Marcel Khalife & Sons

Concert Hall, November 28

Marcel Khalife res
Marcel Khalife. Photo: Prudence Upton.

The relationship between father and son has been the stuff of Shakespearian drama and TV sit-com. It may have played its part in invading Iraq and in abrupt shifts of course for certain inherited business empires. It certainly coloured this night’s music, and too often the hue was inclined to make you cry.

Alas, these were tears of frustration. Marcel Khalife is a fine oud player, a better composer and an exceptional singer. His one solo piece in this 90-minute concert was easily the night’s highlight. Singing the poetry of Mahmoud Darwish in Arabic, his voice could have been the cry of a lover for a lifeless mate or of a parent for lost child. The oud trembled and thrummed its gentle lament, and his voice reared up, like a lone candle suddenly flaring in the dark.

For much of the rest of the concert, however, this was a candle likely to be snuffed out by sudden gusts of pretension, thanks to Khalife’s sons, particularly the piano and synthesizer playing of Rami Khalife.

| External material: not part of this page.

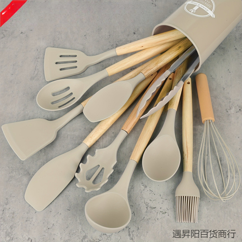 人気のホワイトカーキ収納バケツ木製ハンドルシリコンキッチン用品12点セットキッチン用品クッキングセット送料無料

How he could opt to trample over the simple truth, power and beauty of his father’s work with wanton showers of bravura piano beggars belief, but this he did routinely. The glorious exceptions, where the piano did no more than frost the surface of the songs, only made the gauche lapses of taste elsewhere more striking.

Rami’s brother Bachar was less at fault, making shrewd use of electronic treatments and adding energised percussion. Yet he, too, was overly eager to add jazz-rock density when less would have been much, much more. He also had a tendency to reduce some rhythms to lowest rock denominators, presumably to “modernise” them.

It’s sad to say, but a solo concert from Marcel Khalife would have been infinitely more rewarding. If you want to hear how these instruments can work in perfect synergy listen to our local oud master, Joseph Tawadros, with pianist Matt McMahon and percussionist James Tawadros.